◆ **WHAT THIS TASK INVOLVES**:
Only the lines of the listing below that run from the line with "Dmuchany brodzik INTEX, daszkiem" through the line with "Ashwagandhaekstrakt – 420" are to be set down, word for word. Pictures stay out.
——————————
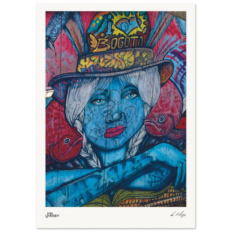 Bold, proud, and unmissably vibrant — this street mural is a full-hearted love letter to Bogotá. The piercing gaze of the blue-faced figure is framed by silver braids and crowned with a graffiti-scrawled top hat bearing the iconic “I ? Bogotᔠmessage.
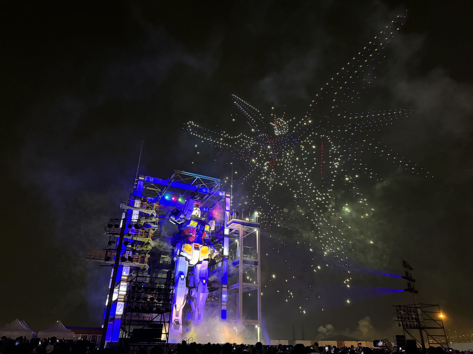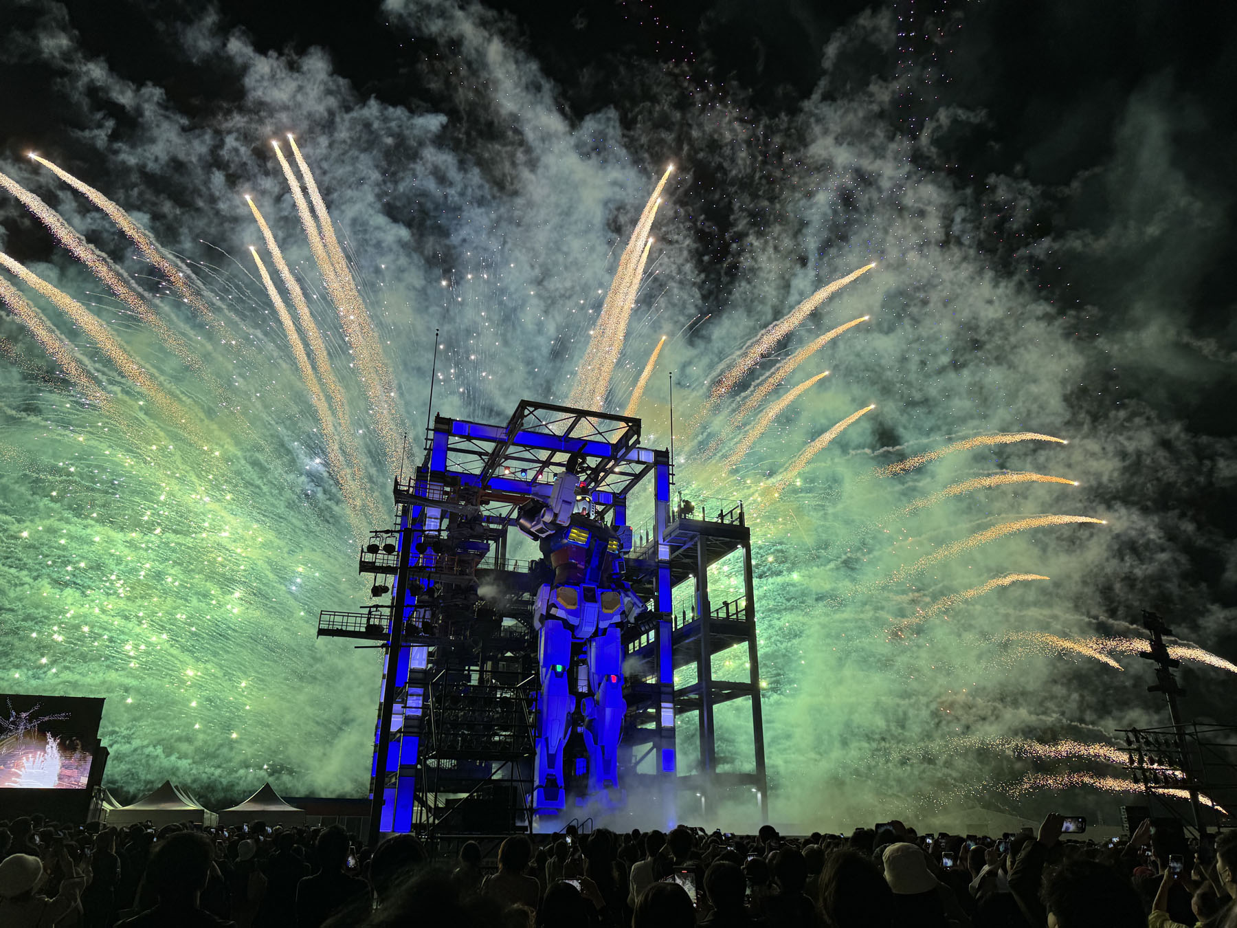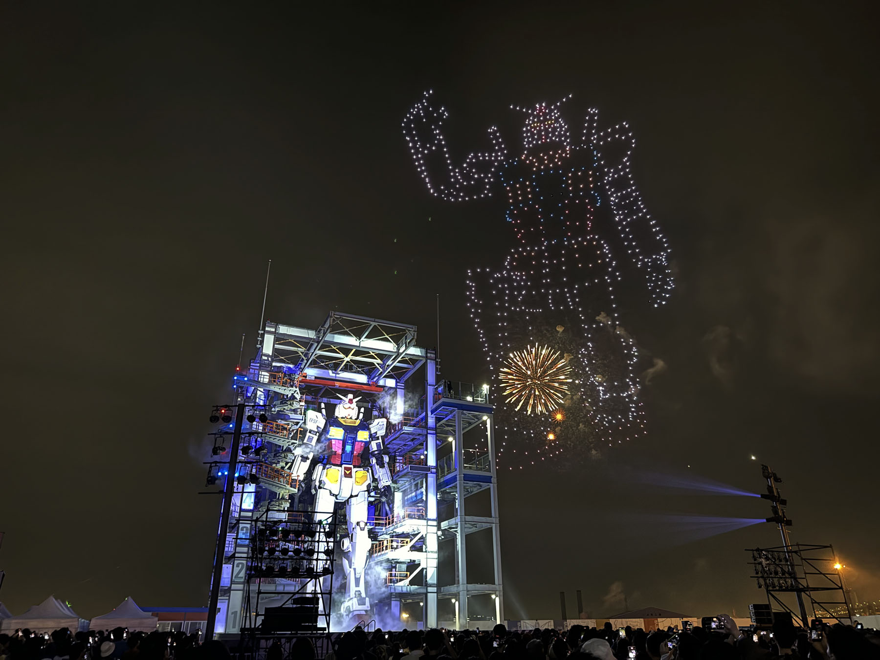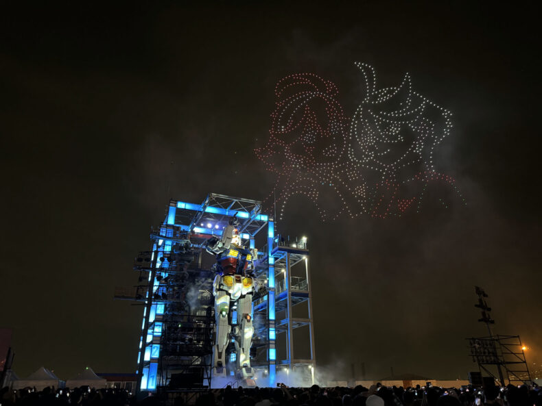 ドローンと花火と動くガンダムのコラボはなかなか幻想的でしたね…。
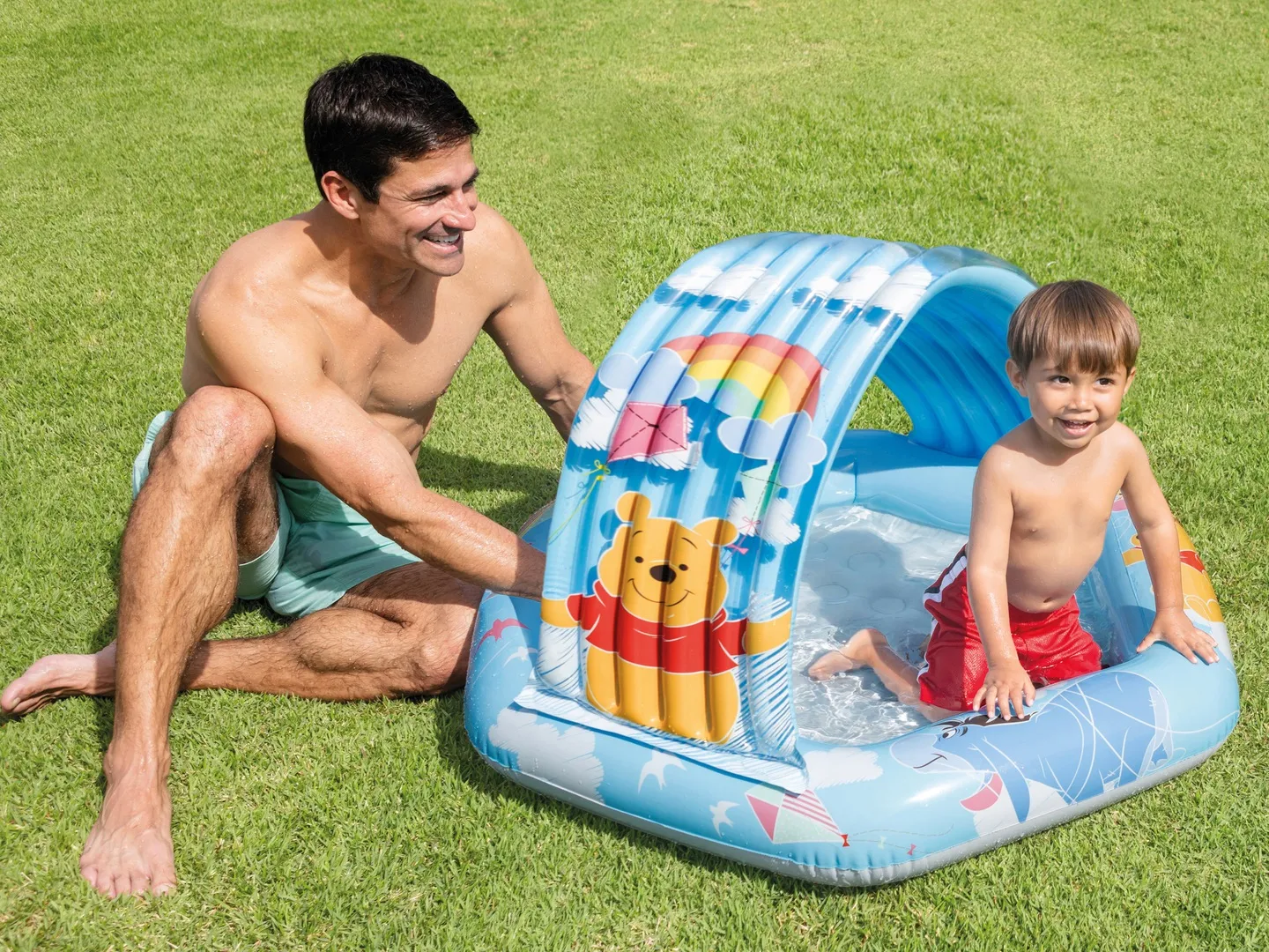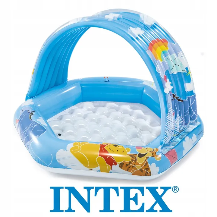 Dmuchany brodzik INTEX, daszkiem przypominającym piękne niebo. Wyjątkowy produkt z motywami z bajki Kubuś Pchatek i Przyjaciele sprawi, że Twoje dziecko pokocha zabawy w wodzie!
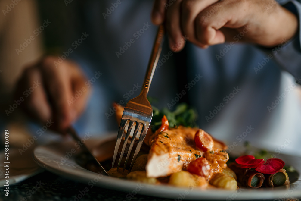 Close-up image of people's hands cutting a dish while they having lunch at a restaurant
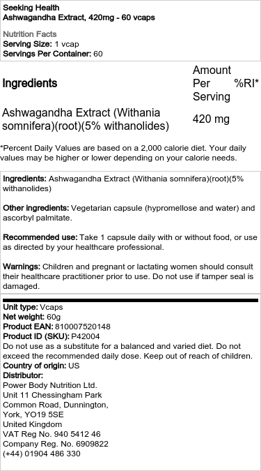 Ashwagandhaekstrakt – 420 mg sisaldab 60 vegetaalset kapslit. iga kapsel sisaldab 420 mg Ashwagandha ekstrakti (Withania somnifera). Toode sobib veganitele ja taimetoitlastele.
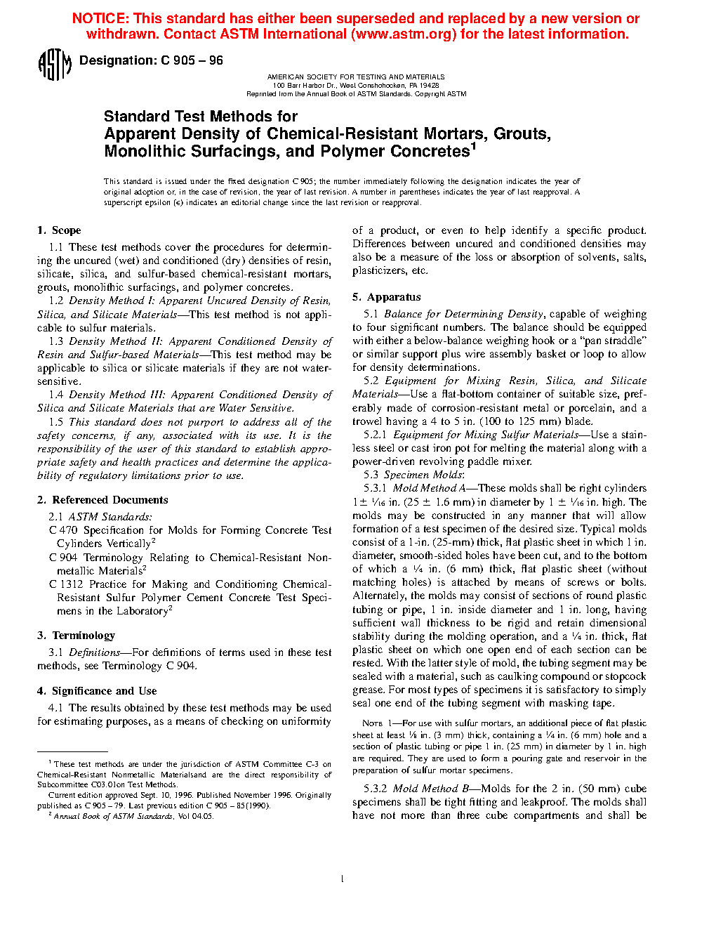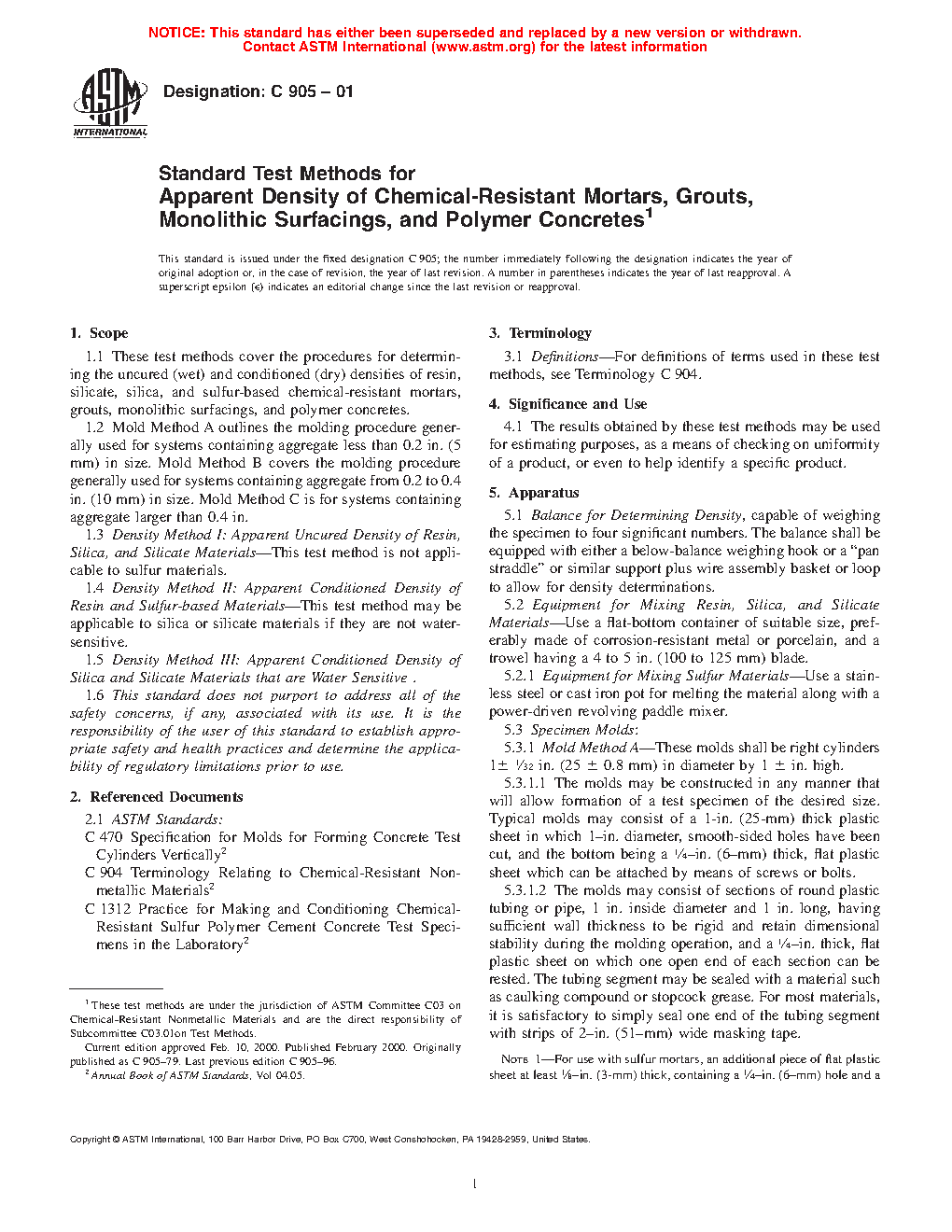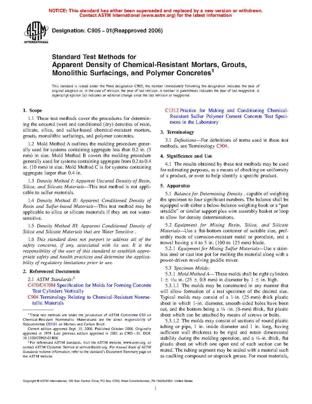 1.1 These test methods cover the procedures for determining the uncured (wet) and conditioned (dry) densities of resin, silicate, silica, and sulfur-based chemical-resistant mortars, grouts, monolithic surfacings, and polymer concretes.
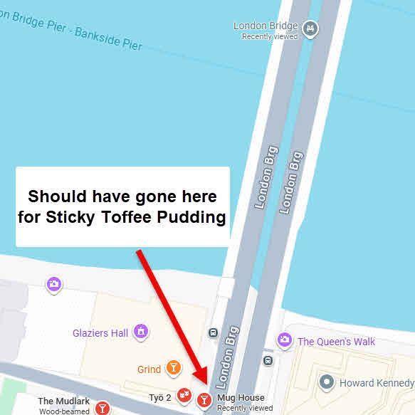 Afterwards, I wanted Sticky Toffee Pudding and decided to go to Gordon Ramsey's restaurant at the Savoy Grill. Nothing on the menu there interested me so I stopped at Honest Burger and had their regular burger first. Then I spent 30 quid on a dessert. To tell you the truth, the one at the Mug House Pub under the London Bridge was better. So that will be on my next trip.
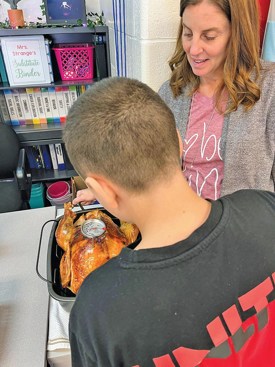 Chef Jill Scott, who teaches Introduction to Culinary Arts to high school juniors and seniors, had organized two assembly lines on the Tuesday before Thanksgiving when the students packed the dinners that consisted of 2 oz. of dark meat, 4 oz. of white meat, stuffing, mashed potatoes, sweet potato mash, green bean casserole and gravy.
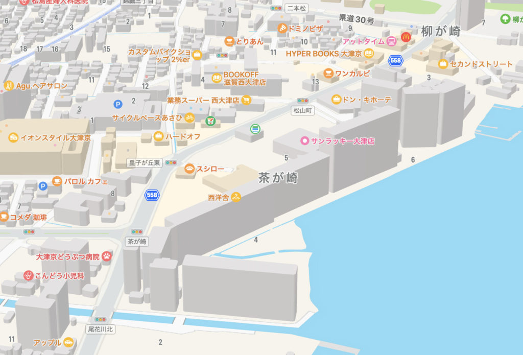 理由としては琵琶湖沿いは駅から遠く、集合住宅の需要がないというところです。駅と琵琶湖が近くて栄えてるのはほんの僅かなんですね。
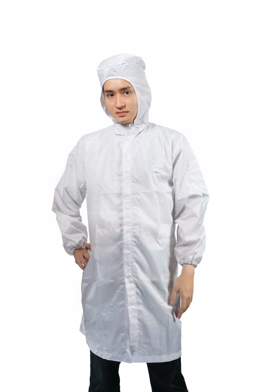 Made from ESD-safe fabric stripe line or cross grid, the smock effectively dissipates static charges to prevent damage to sensitive electronic components and maintain a safe working area. Moreover, The attached hood designed offer full head and neck coverage to minimize particle release and contamination, making it ideal for cleanroom and controlled areas.
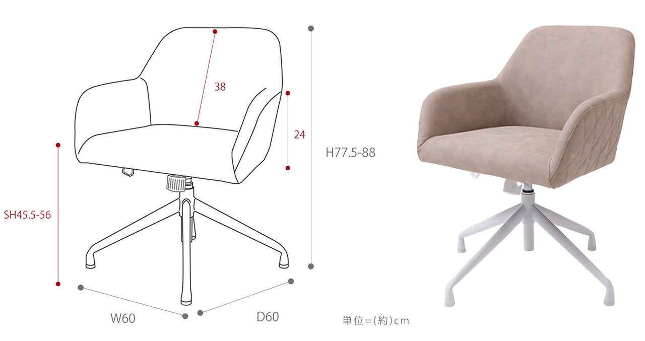 - サ イ ズ :(約)幅60cm×奥行60cm×高77.5-88cm 座面高(約)45.5-56cm
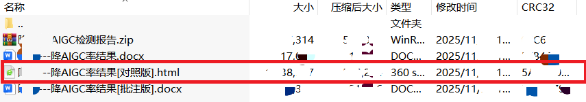 下载降重报告后,降AIGC率结果[对照版].html文件可在线与原文同屏对比和在线润色修改。
——————————
◆ **ANSWER FOR THIS EXERCISE**:
 Dmuchany brodzik INTEX, daszkiem przypominającym piękne niebo. Wyjątkowy produkt z motywami z bajki Kubuś Pchatek i Przyjaciele sprawi, że Twoje dziecko pokocha zabawy w wodzie!
 Close-up image of people's hands cutting a dish while they having lunch at a restaurant
 Ashwagandhaekstrakt – 420 mg sisaldab 60 vegetaalset kapslit. iga kapsel sisaldab 420 mg Ashwagandha ekstrakti (Withania somnifera). Toode sobib veganitele ja taimetoitlastele.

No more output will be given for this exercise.